──────── DATA FOR ANALYSIS ────────

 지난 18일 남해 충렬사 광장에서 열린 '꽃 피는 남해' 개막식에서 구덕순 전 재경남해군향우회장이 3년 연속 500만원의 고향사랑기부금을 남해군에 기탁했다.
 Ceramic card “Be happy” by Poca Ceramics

────────
──────── DATA FOR ANALYSIS ────────

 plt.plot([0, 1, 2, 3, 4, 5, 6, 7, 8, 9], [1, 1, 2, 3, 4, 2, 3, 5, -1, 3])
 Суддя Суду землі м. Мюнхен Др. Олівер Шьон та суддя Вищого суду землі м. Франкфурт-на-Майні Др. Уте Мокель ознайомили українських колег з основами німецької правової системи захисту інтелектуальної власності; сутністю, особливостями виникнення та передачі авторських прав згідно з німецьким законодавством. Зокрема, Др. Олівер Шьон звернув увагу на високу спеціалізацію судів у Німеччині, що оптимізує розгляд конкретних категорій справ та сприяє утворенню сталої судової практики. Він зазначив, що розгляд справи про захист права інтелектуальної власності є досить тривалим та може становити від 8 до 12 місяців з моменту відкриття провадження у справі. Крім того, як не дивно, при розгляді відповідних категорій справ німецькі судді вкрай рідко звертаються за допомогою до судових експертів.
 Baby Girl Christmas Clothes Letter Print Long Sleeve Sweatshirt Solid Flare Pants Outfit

────────
──────── DATA FOR ANALYSIS ────────

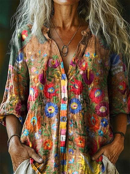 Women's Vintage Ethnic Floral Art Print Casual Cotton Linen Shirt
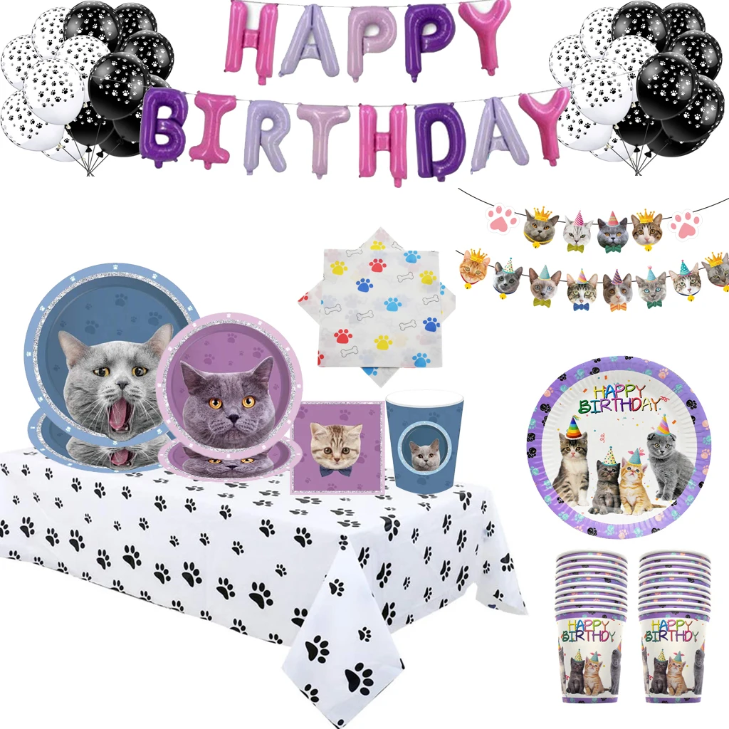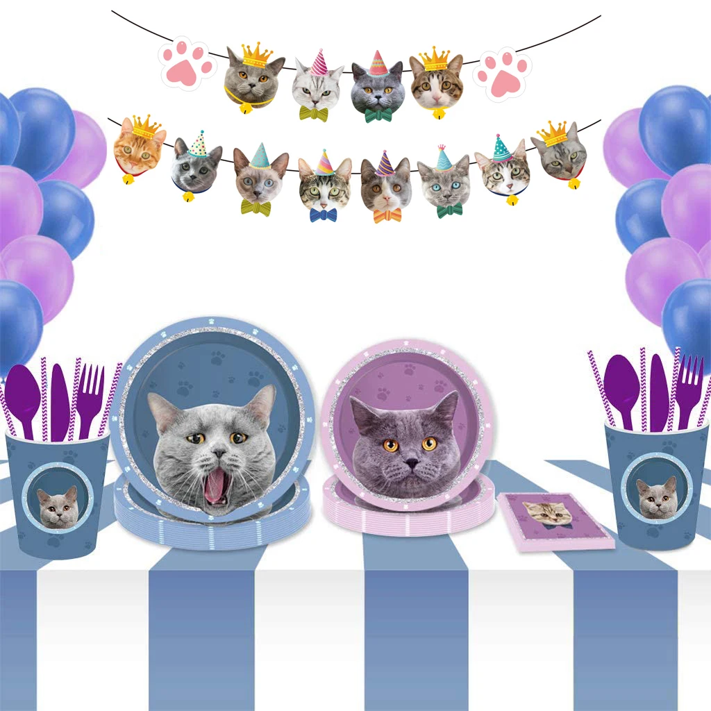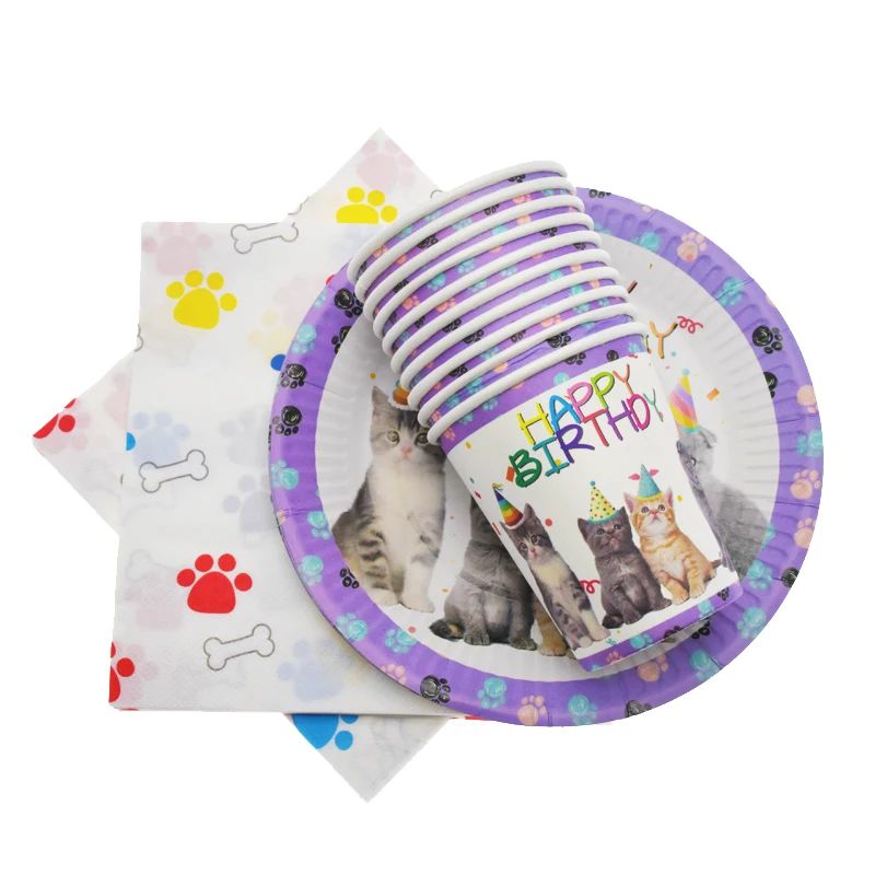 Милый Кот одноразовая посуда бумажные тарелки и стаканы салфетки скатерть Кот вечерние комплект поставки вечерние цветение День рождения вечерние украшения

────────

§ **AIM OF THE TASK**
Where the line holding "지난 18일 남해 충렬사" appears in the listing above, start reproducing exactly, and end with the line holding "by Poca Ceramics".

§ **RESPONSE BOX**
 지난 18일 남해 충렬사 광장에서 열린 '꽃 피는 남해' 개막식에서 구덕순 전 재경남해군향우회장이 3년 연속 500만원의 고향사랑기부금을 남해군에 기탁했다.
 Ceramic card “Be happy” by Poca Ceramics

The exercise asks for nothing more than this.